Traditionally, Western-style meals are served with dessert after dinner. Now many restaurants also serve desserts after lunch or dinner. However, these foods can also be served as part of morning tea or afternoon tea, as a snack between meals. Especially when breakfast or lunch is light, it is reasonable to eat some snacks between meals.

When is the best time to eat sweet snacks?

So, when is the best time to eat these sweet snacks? Two previous studies have provided relevant evidence.

One study compared the effects of consuming a sweet snack on blood sugar excursions in healthy women after lunch (12:30 p.m.), between lunch and dinner (15:30 p.m.), and after dinner (19:30 p.m.).
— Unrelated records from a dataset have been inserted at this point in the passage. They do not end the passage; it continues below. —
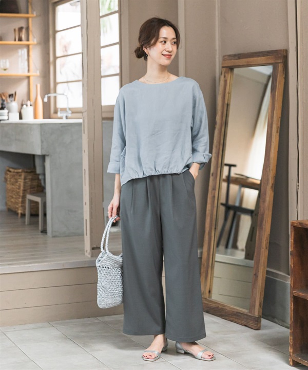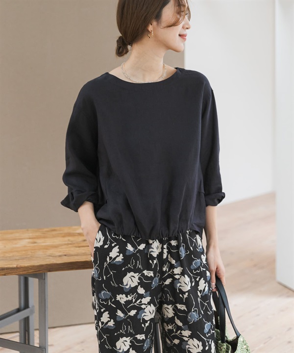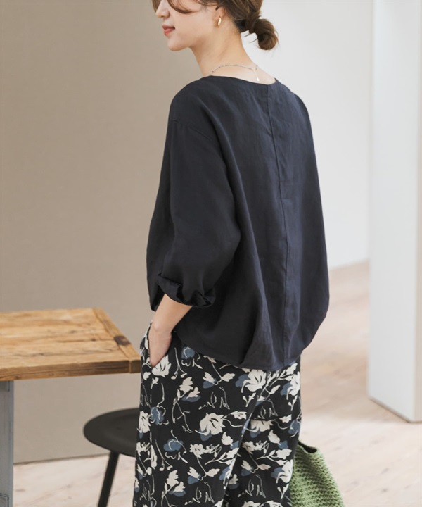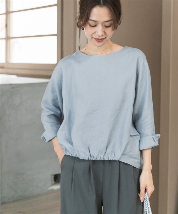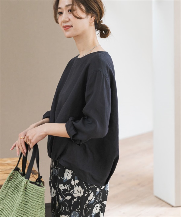 正面碎褶設計亞麻套衫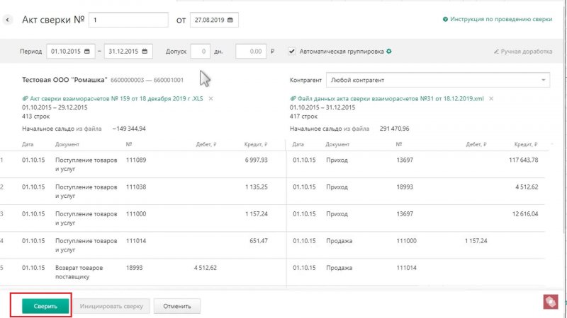 3. Нажмите «Сверить» внизу под формой акта – система сопоставит данные и укажет на расхождения.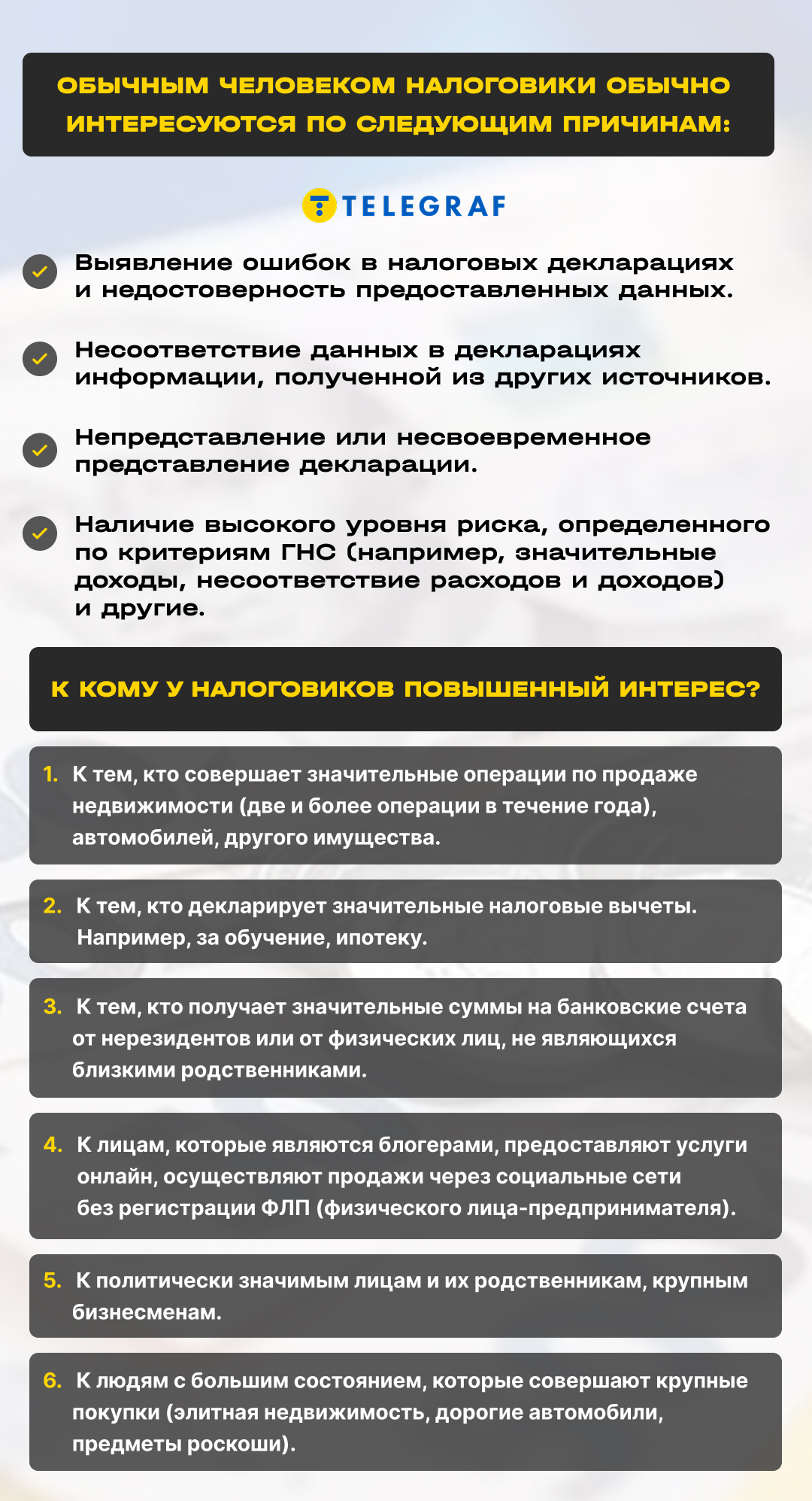Государственная налоговая служба контролирует доходы и уплату налогов с них рядовыми украинцами, анализируя их транзакции, открытые источники информации о движимом имуществе и реестры недвижимости.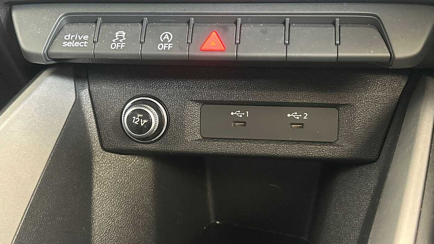 "2x 15-W USB data/charging ports in dashboard and 1x USB-C, 1x USB-A center bottom",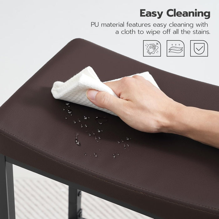 • Specifications: Size 16.5" L x 11.8" W x 24.8" H; Weight 16 lbs; Max weight capacity 265 lbs; Materials: Iron, high-density sponge, PU, particleboard; Colors: Brown or Black.

The snack used is cake, which is the favorite of many girls. One piece has a calorie content of 498kcal, including about 28g of fat, 54g of carbohydrates and 8g of protein.
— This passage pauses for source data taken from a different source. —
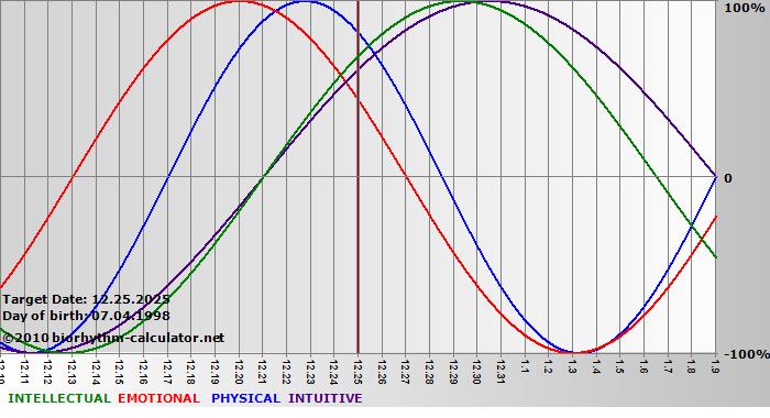 Your biorhythm above the horizontal line indicates that your capacity in that area is enhanced; you feel stronger, more alert, more connected, more empathetic. These are times when you are able to do more, be more, enjoy more. When the biorhythm lines are below 0%, your capacity is diminished, and conservative behavior is recommended.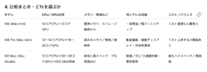 安定稼働性(24時間運用):静音・冷却・信頼性が重要。どのモデルもApple製チップで冷却仕様も優れていますが、高負荷状態を長時間続けるならThermal余裕のあるモデル(M4 Pro/M2 Max)を選ぶ意味あり。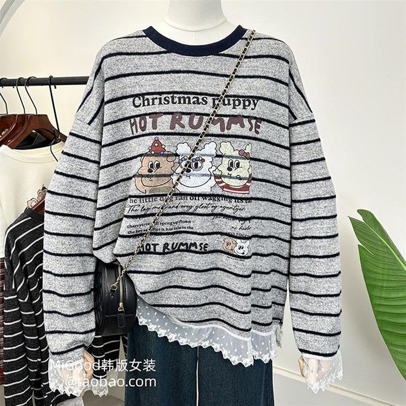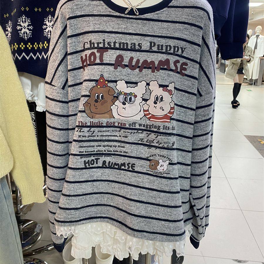 2025春季新款韩版减龄百搭条纹卡通蕾丝花边宽松中长款t恤女长袖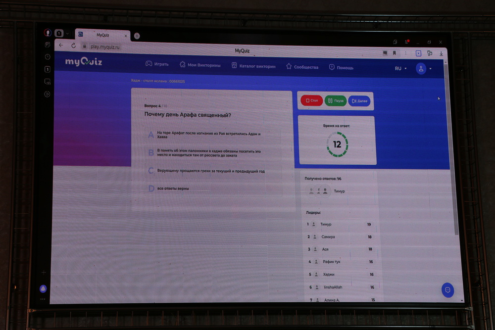 В адрес участников вечера поступили видеопоздравления от саратовских паломников, которые сейчас находятся на священной земле Мекки и совершают обряды Хаджа. Теме пятого столпа Ислама, особым дням месяца Зуль-Хиджа и традициям Курбан-Байрама была посвящена интерактивная викторина.

Cake is really a calorie bomb. It looks soft, moist, and has a lot of moisture, but in fact, the softness is not caused by moisture, but by fat...

The calorie values ​​of the three meals are 351 kcal for breakfast, 549 kcal for lunch, and 656 kcal for dinner. This situation is very close to daily life. Although it is ideal to evenly supply calories and nutrients for the three meals, in reality, most people tend to eat a mediocre breakfast and the most abundant dinner.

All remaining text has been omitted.